Tuesday, 27 August 2013

The rescue

With a fearful symmetry, Bubonic Plague is back where it started, in the mountains of Kyrgyzstan, reminding humans, just as the Icelandic volcano did a few years ago, that for all our big ideas and vainglory, we are puny and ineffectual, mere blaggers in the universe.

One of my favourite pictures from childhood, along with illustrations to E. Nesbit, and Tolkein, and Narnia, was from a 1930s children's history book that edified impressionable young minds in the days of Empire.
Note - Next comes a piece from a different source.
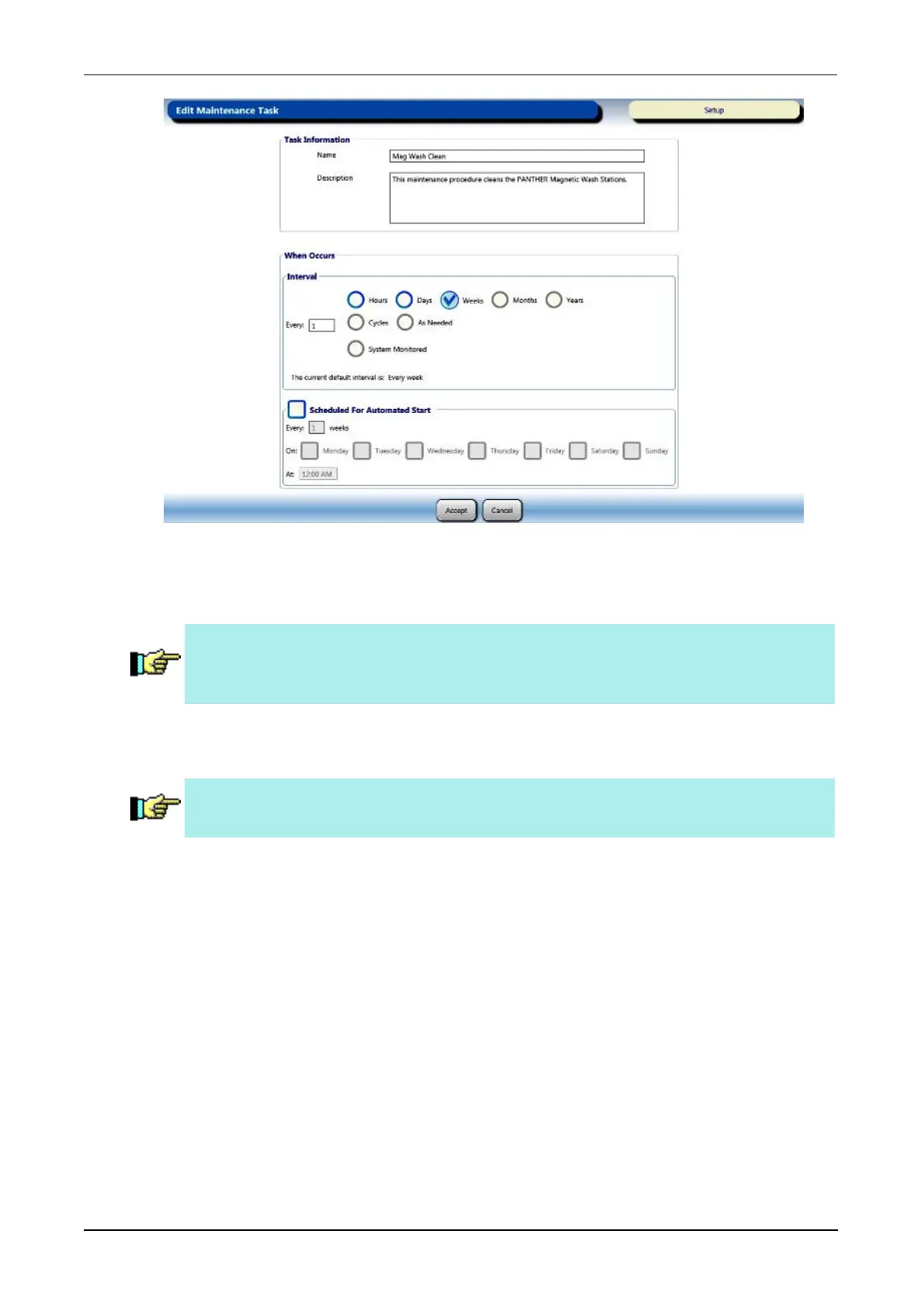 Note—The interval for the Replace Mag Wash Cleaning solution task is

Along with When did you last see your father, and Millais' two beautiful doomed boys, the Princes in the Tower (the elder, staring out from the darkness of captivity on the page with poetic prescience, his blond curls tumbling over his black velvet suit, was destined to be my husband, I knew in my eight-year old heart), my imagination was fired by a naked young girl's rescue from the window of an elegant Restoration mansion during the Great Plague of London.


Now the picture horrifies me more than the pestilence itself, a sickly Victorian excess of sentimental romanticization and sublimated paedophilia, the imagery of soft porn applied to social and medical history.
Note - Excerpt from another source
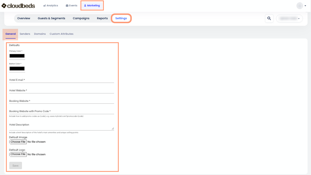 Agora que seu domínio está seguro, certifique-se de que suas Configurações de Marketing estejam completas. A guia Geral é onde você define a marca principal da sua propriedade, incluindo cores da marca, descrição do hotel, logotipo e links diretos para o site.

Before we pass sentence on our 19th century ancestors for lapping up this sort of mass-marketed fantasy, born out of the conviction that humans are the progressive conquerors of evil, and that the best way to secure ourselves against the return of a powerful enemy is by trivializing it, we should remember our own smugness, our own self-deluded race away from reality, our odd taste for sensationalism and tweeted voyeurism, our ambition to live longer and longer while poverty and inequality and cruelty and conceit infect the world. 

Who cares, so long as we can share a photo.